Robert Ryan Odom (born July 11, 1974) is an American men's college basketball coach who is currently the head coach of the Utah State Aggies men's basketball team. He was previously the head coach of the Lenoir–Rhyne Bears and the UMBC Retrievers. 

Odom served as the interim head coach of the Charlotte 49ers men's basketball team from January 6 until March 15, 2015.  In this capacity, he replaced Alan Major when Major went on a medical leave of absence to deal with chronic health issues.

After one season as head coach at Lenoir–Rhyne, Odom was head coach at UMBC from 2016 to 2021. In the 2018 NCAA Division I Men's Basketball Tournament, UMBC upset no. 1 seed Virginia and became the first no. 16 seed to beat a no. 1 seed in tournament history.
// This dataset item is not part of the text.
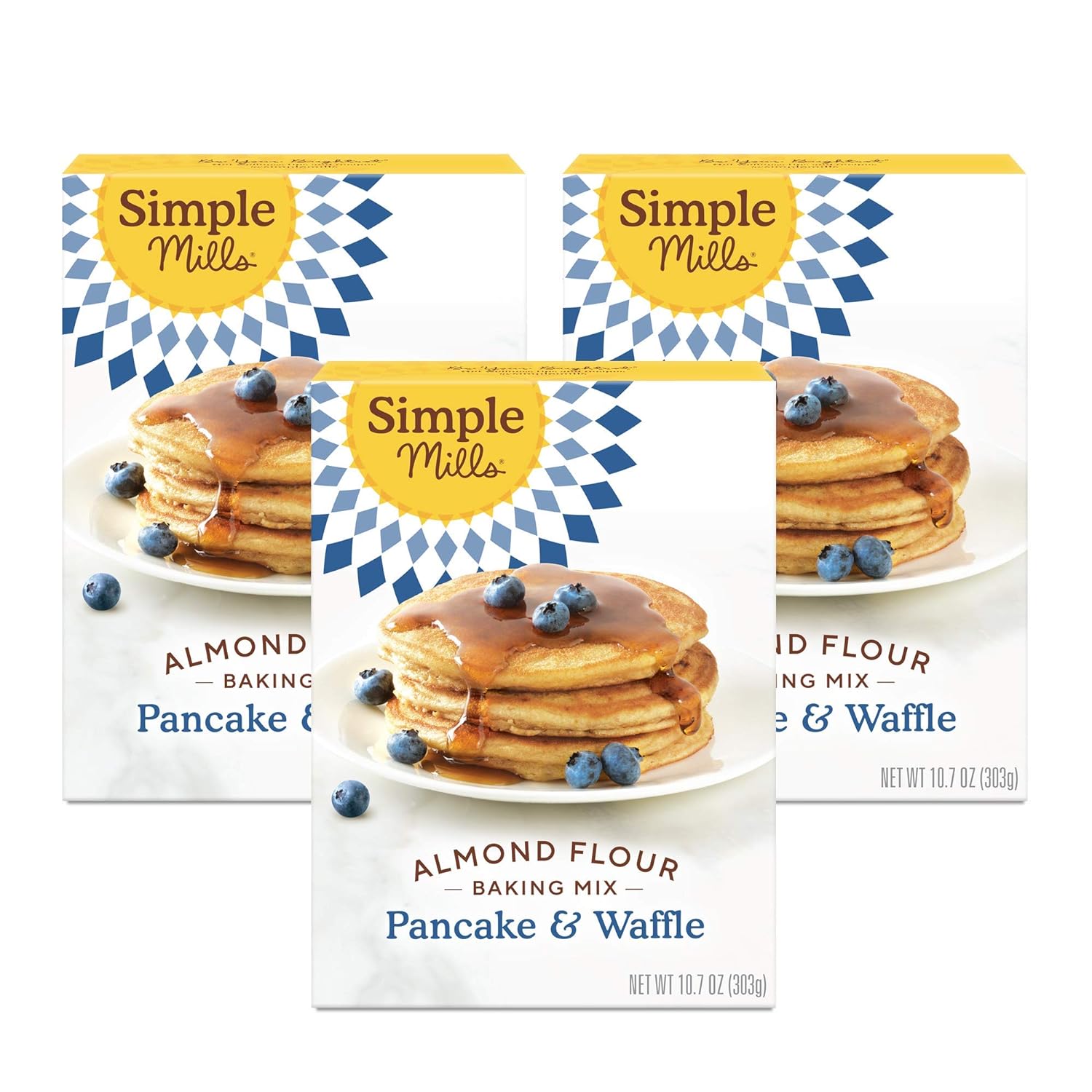 Mix de panqueca e waffle de farinha de amêndoa Simple Mills, Original - Livre de glúten, baseado em plantas, amigável ao paleo, café da manhã 10.7 onças (pacote com 3)

In 2021, Odom became head coach at Utah State.

Playing career
Odom graduated from Richard J. Reynolds High School in Winston-Salem, North Carolina, in 1992 and enrolled at Hampden–Sydney College out of high school. Odom was a four-year starting point guard for the Hampden–Sydney Tigers under head coach Tony Shaver, serving as team captain his senior year. He left the Tigers ranking the school's all-time leader in three-point field goals, and fourth in assists. Odom graduated from Hampden–Sydney in 1996 with a degree in economics.

Coaching career
Odom began his coaching career as a graduate assistant at South Florida. He also had stops as an assistant coach with Furman, UNC Asheville, and American, before spending seven years on Seth Greenberg's staff at Virginia Tech. In 2010, he joined the coaching staff of Charlotte, serving as an assistant for five years, including being interim head coach.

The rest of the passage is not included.